■ **GIVEN RECORDS**:
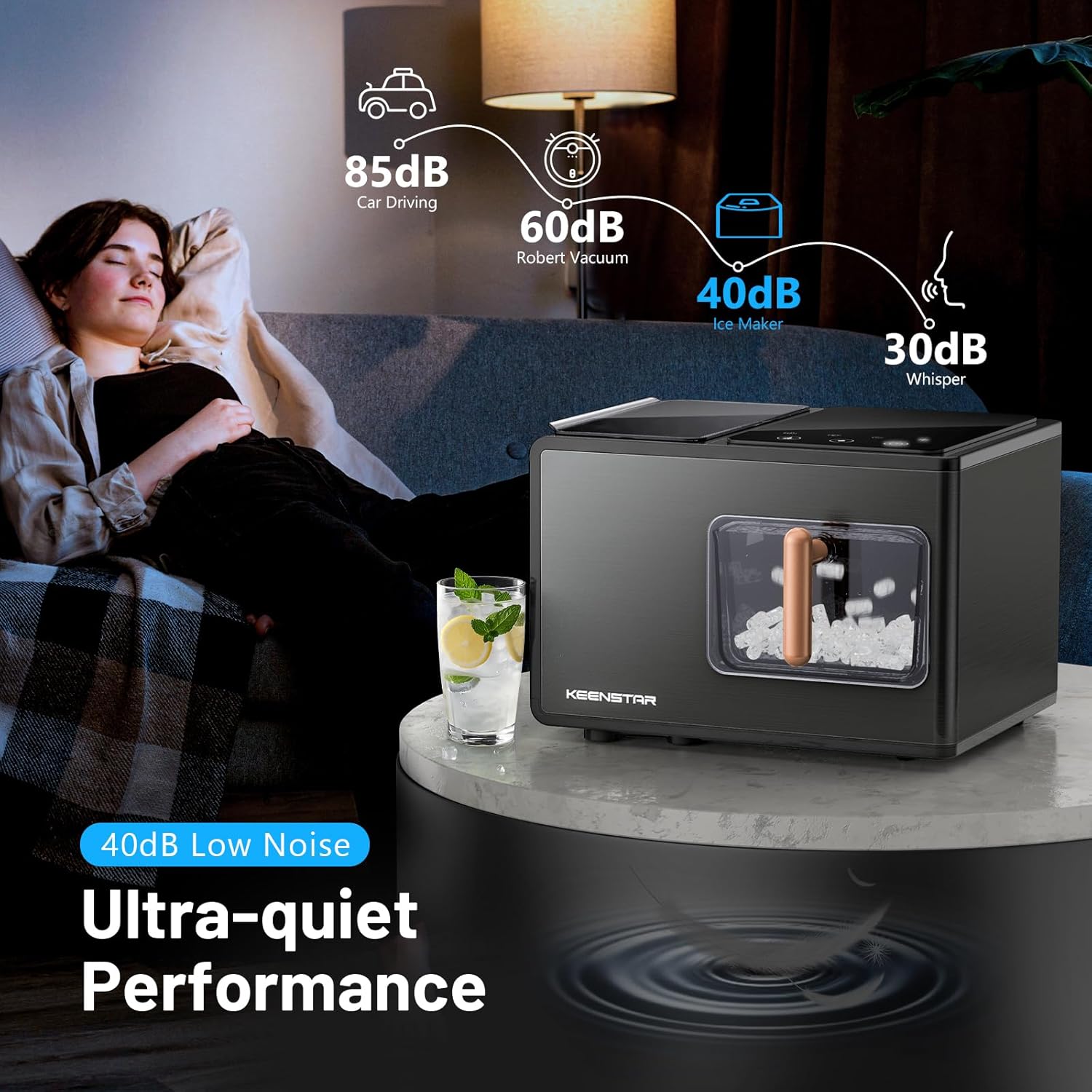 - Chewable & Slow-melting Clear Ice: With advanced technology, Keenstar nugget ice maker produces the softest, crunchiest, and most chewable ice. The pellet ice cube retains its flavor and tastes good, which is different from traditional hard cubes of full cube or bullet ice. Optimizes melting speed, and absorbs flavors of cocktails and other beverages.
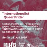 - Stellungnahmen zur Polizeigewalt gegen Demonstrierende auf der „INTERNATIONALIST QUEER PRIDE“-Demonstration in BerlinZur Polizeigewalt am 26 Juli auf dem Berliner alternativen CSD „Internationalist Queer Pride“ haben ALLIANCE OF INTERNATIONALIST FEMINISTS, PA-ALLIES und Arrest Press Unit eine Erklärung verfasst, die wir hier neben weiteren Kommentaren veröffentlichen: Am 26. Juli 2025 gingen etwa fünfzehntausend Menschen in Berlin auf die Straẞe, um am Internationalist Queer Pride teilzunehmen – einer Demonstration, … Weiterlesen
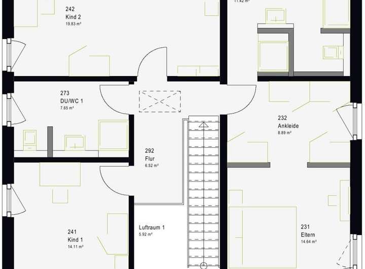Das Obergeschoss bietet Platz für eine private Wohlfühloase 🛁 mit zwei Bädern, einem Elternschlafzimmer mit begehbarer Ankleide 💕 sowie zwei Kinderzimmern. Der Luftraum mit Galerie sorgt für Offenheit und unterstreicht das elegante Raumgefühl.
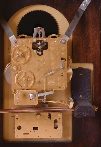 Unknown American mfg bracket clock, with Franz Hermle Westminster chime and calendar movement, and with rolling moon in the arch of the embossed dial. Case with mahogany finish, and with cast feet, handle and side lions. Day of week, date and month in English show on bottom dials. floating balance movement runs a while and stops [common on this model], dated 1981. Case retains original finish in good order. Lots of look for the money.
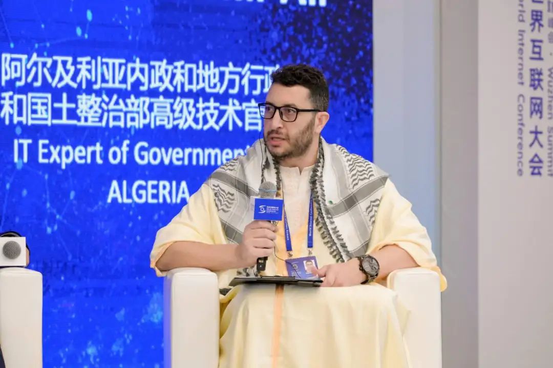 11月21日,2024年世界互联网大会乌镇峰会数字化绿色化协同转型发展论坛在浙江乌镇举行。本次论坛以“数字化绿色化深度融合 加快培育新质生产力”为主题,共有来自信息技术、能源环境、战略研究等多领域的120余位中外嘉宾参会。与会嘉宾围绕论坛主题,共话数字化绿色化协同发展的最新趋势和前沿技术,共推经济社会绿色发展,共建人类命运共同体,共同探讨智能社会背景下的数字化绿色化协同转型发展的方法路径。来自2023级商务部援外教育项目——清华大学国际发展与治理硕士(MIDG)项目的阿尔及利亚地方政府工程师Boukhersa Amir Ali(中文名:王子)应邀参加论坛圆桌对话环节。
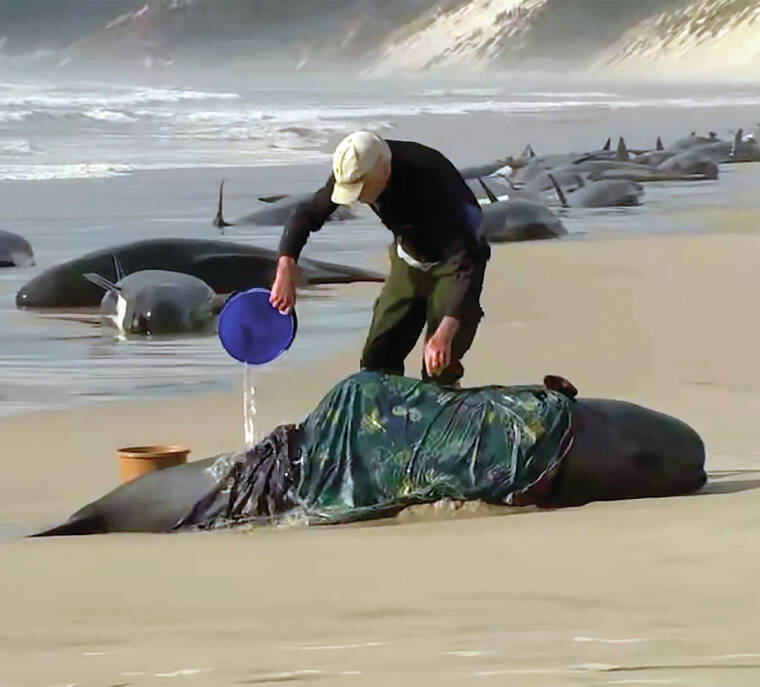 HOBART, Australia (AP) — A day after 230 whales were found stranded on the wild and remote west coast of Australia’s island state of Tasmania, only 35 were still alive despite rescue efforts that were to continue Thursday.
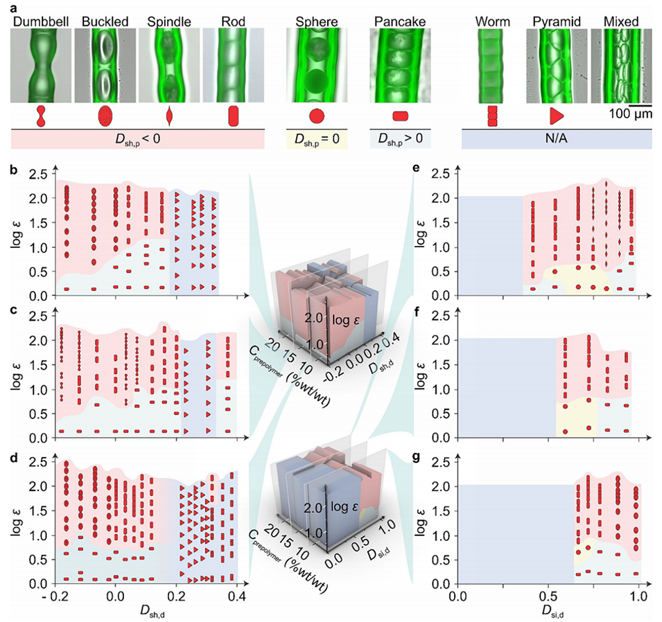 图3. 描述微颗粒形貌与液滴-纤维几何结构、液滴成分及干燥过程中力学场关系的相图
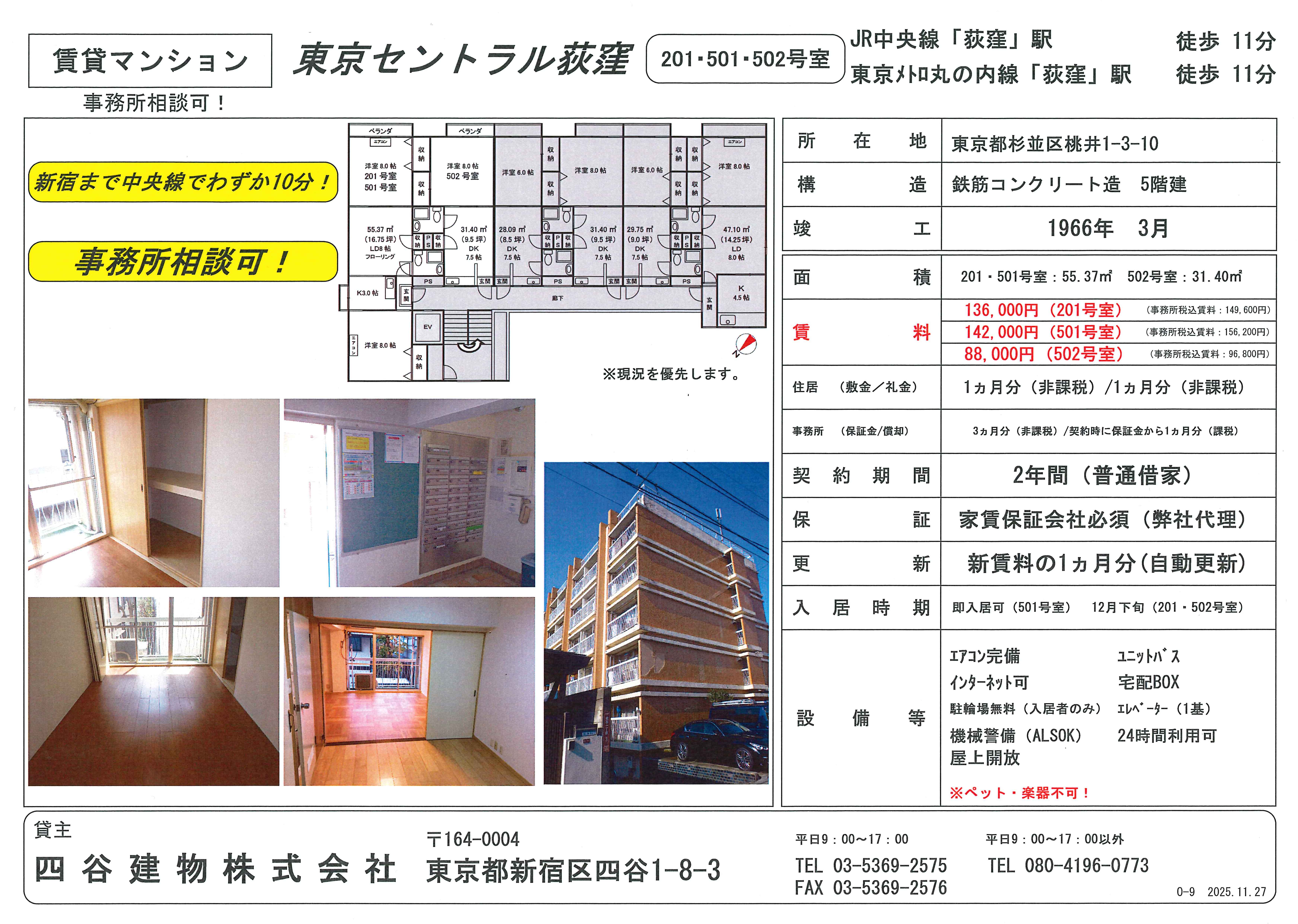 【お問い合せ】TEL:03-5369-2575 【営業時間】 9:00~17:00(土日祝休) 空室情報 ※画像を右クリックして、「新しいタブで画像を開く」から開いた画面で印刷が可能です。 東京セントラル荻窪 201・501・502号室 201号室 専有面積 55.37㎡ 賃料 136,000円(税抜) 用途 住居 ※事務所相談可 501号室 専有面積 55.37㎡ 賃料 142,000円(税抜) 用途 住居 ※事務所相談可 502号室 専有面積 31.40㎡ 賃料 88,000円(税抜) 用途 住居 ※事務所相談可 新宿まで中央線でわずか10分! 物件所在地

■ **WORK REQUEST**:
Copy every record exactly; no pictures.

■ **RESPONSE BOX**:
 - Chewable & Slow-melting Clear Ice: With advanced technology, Keenstar nugget ice maker produces the softest, crunchiest, and most chewable ice. The pellet ice cube retains its flavor and tastes good, which is different from traditional hard cubes of full cube or bullet ice. Optimizes melting speed, and absorbs flavors of cocktails and other beverages.
 - Stellungnahmen zur Polizeigewalt gegen Demonstrierende auf der „INTERNATIONALIST QUEER PRIDE“-Demonstration in BerlinZur Polizeigewalt am 26 Juli auf dem Berliner alternativen CSD „Internationalist Queer Pride“ haben ALLIANCE OF INTERNATIONALIST FEMINISTS, PA-ALLIES und Arrest Press Unit eine Erklärung verfasst, die wir hier neben weiteren Kommentaren veröffentlichen: Am 26. Juli 2025 gingen etwa fünfzehntausend Menschen in Berlin auf die Straẞe, um am Internationalist Queer Pride teilzunehmen – einer Demonstration, … Weiterlesen
Das Obergeschoss bietet Platz für eine private Wohlfühloase 🛁 mit zwei Bädern, einem Elternschlafzimmer mit begehbarer Ankleide 💕 sowie zwei Kinderzimmern. Der Luftraum mit Galerie sorgt für Offenheit und unterstreicht das elegante Raumgefühl.
 Unknown American mfg bracket clock, with Franz Hermle Westminster chime and calendar movement, and with rolling moon in the arch of the embossed dial. Case with mahogany finish, and with cast feet, handle and side lions. Day of week, date and month in English show on bottom dials. floating balance movement runs a while and stops [common on this model], dated 1981. Case retains original finish in good order. Lots of look for the money.
 11月21日,2024年世界互联网大会乌镇峰会数字化绿色化协同转型发展论坛在浙江乌镇举行。本次论坛以“数字化绿色化深度融合 加快培育新质生产力”为主题,共有来自信息技术、能源环境、战略研究等多领域的120余位中外嘉宾参会。与会嘉宾围绕论坛主题,共话数字化绿色化协同发展的最新趋势和前沿技术,共推经济社会绿色发展,共建人类命运共同体,共同探讨智能社会背景下的数字化绿色化协同转型发展的方法路径。来自2023级商务部援外教育项目——清华大学国际发展与治理硕士(MIDG)项目的阿尔及利亚地方政府工程师Boukhersa Amir Ali(中文名:王子)应邀参加论坛圆桌对话环节。
 HOBART, Australia (AP) — A day after 230 whales were found stranded on the wild and remote west coast of Australia’s island state of Tasmania, only 35 were still alive despite rescue efforts that were to continue Thursday.
 图3. 描述微颗粒形貌与液滴-纤维几何结构、液滴成分及干燥过程中力学场关系的相图
 【お問い合せ】TEL:03-5369-2575 【営業時間】 9:00~17:00(土日祝休) 空室情報 ※画像を右クリックして、「新しいタブで画像を開く」から開いた画面で印刷が可能です。 東京セントラル荻窪 201・501・502号室 201号室 専有面積 55.37㎡ 賃料 136,000円(税抜) 用途 住居 ※事務所相談可 501号室 専有面積 55.37㎡ 賃料 142,000円(税抜) 用途 住居 ※事務所相談可 502号室 専有面積 31.40㎡ 賃料 88,000円(税抜) 用途 住居 ※事務所相談可 新宿まで中央線でわずか10分! 物件所在地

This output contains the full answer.